Cette opération était donc inacceptable et devait être arrêtée. Mais comment présenter la réaction des autorités russes sans risquer de dégrader sérieusement des relations Américano-Russes qui, déjà, n’étaient pas au beau fixe ? Cette vente prévue ne pouvait pas être utilisée comme prétexte. C’est pourquoi Mikhaïl Khodorkovski a été poursuivi pour des délits financiers et fiscaux. C’est ce qui a fait dire à un journaliste américain que Mikhaïl Khodorkovski était l’équivalent russe d’Al Capone[1].
Une fois Mikhaïl Khodorkovski et « Yukos » jugés et condamnés, la société étant dans l’impossibilité financière de payer les arriérés d’impôts et les amendes, a été renationalisée, rendant impossible toute session à des intérêts étrangers à la Russie. D’autre part, Boris Abramovich a cédé, deux ans après, la totalité de Sibneft, à Gazprom pour la somme de 13,1 milliards de dollars.
Voilà pour l’exposé des faits. Mais cela laisse une question importante en suspens : pourquoi Mikhaïl Khodorkovski a-t-il ainsi bravé le gouvernement russe ? J’ai déjà eu l’occasion de dire ce que je pense des capacités intellectuelles de l’homme. Il n’est donc, à mon avis, pas possible qu’il n’ai pas vu le danger qu’il courait en poursuivant ses plans, tant dans le domaine politique que dans celui des affaires. Il ne pouvait pas ne pas évaluer les risques.
Je rappellerai à ce propos qu’il avait reçu un « coup de semonce » au cours de l’été 2003 : son numéro deux, Platon Lebedev avait été emprisonné, alors que lui-même se trouvait aux Etats-Unis. Il aurait pu décider d’y rester, mais il ne l’a pas fait. Pourquoi ?
Je pense qu’il a reçu des garanties que ses « amis » américains ne le « laisseraient pas tomber ». Des « amis » aux rangs desquels se trouvaient tout de même Georges Bush Sr., ou James Baker et les membres Conseil Consultatif du « Carlyle Group ». Lorsqu’il venait à Washington, il était souvent reçu par le vice-président, parfois même par le président. Il avait donc des raisons de se croire protégé. Il avait sans doute mené trop longtemps la vie de plus riche entrepreneur de Russie, membre du cercle des dirigeants économiques choyés par les médias néo libéraux, des personnes qui représentent la fine fleur du système libéral, de ceux auxquels on ne touche pas en Occident, protégés qu’ils sont par une présomption d’innocence d’airain.
Ses amis américains ont vraisemblablement d’autant plus cherché à le rassurer qu’ils avaient besoin de lui en Russie.

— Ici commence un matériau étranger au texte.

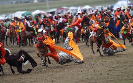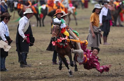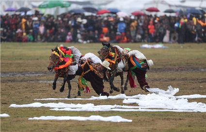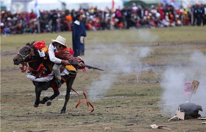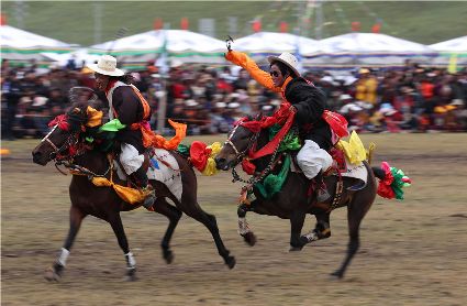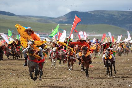 近日,在理塘縣奔戈鄉(xiāng)薩戈村八一賽馬場,來自全縣各鄉(xiāng)鎮(zhèn)近千名牧民進行了傳統(tǒng)的馬術表演,他們以高超的騎術展演了拾哈達、馬上射擊、馬上射箭、鐙里藏身、五彩凌空等馬術技巧,把歡樂帶到草原,讓當地牧民和眾多游客享受了一場視覺盛宴。

Mikhaïl Khodorkovski était une des pièces maitresses de leur jeu contre la Russie de Vladimir Poutine. Ils avaient perdu leur « reine » en la personne de Boris Eltsine, ils ne pouvaient pas laisser partir un « fou ». Et puis, au cas où les encouragements ne fonctionneraient pas, il y avait aussi la pression financière. Mikhaïl Khodorkovski comme ses collègues oligarques russes avait déposé d’énormes sommes d’argent à l’étranger, hors de portée de l’état russe, ce qui les mettait tout à fait à la portée des autorités américaines. Quel a été le dosage d’encouragements et de pressions, je n’en ai pas idée, mais le mélange à manifestement fonctionné.
Il est donc rentré en Russie pour poursuivre l’opération qui avait une importance inimaginable pour les Américains, une opération qui aurait mis le pays à leur merci. On pouvait bien, au besoin, « sacrifier » un « fou » pour un tel enjeu. On pouvait sacrifier un « fou » mais pas ruiner complètement les relations entre les deux pays, d’autant que d’autres opérations étaient en préparation. Donc, quand Mikhaïl Khodorkovski a été arrêté, il a eu droit, en Occident, à des déclarations outragées, à une très longue campagne de presse orchestrée dans les médias occidentaux[2], mais guère plus. A peine plus que ce dont ont bénéficié les « Pussy Riot » quelques années plus tard. En effet, les « amis » américains de Mikhaïl Khodorkovski ne sont pas des « amis » au sens russe du terme. Les Etats-Unis n’ont pas d’amis, ils ont des vassaux et la réaction en cas de problème pour un de leurs vassaux n’est pas à la mesure de sa valeur propre, mais à la mesure du tort que l’opération de soutien peut causer à Vladimir Poutine.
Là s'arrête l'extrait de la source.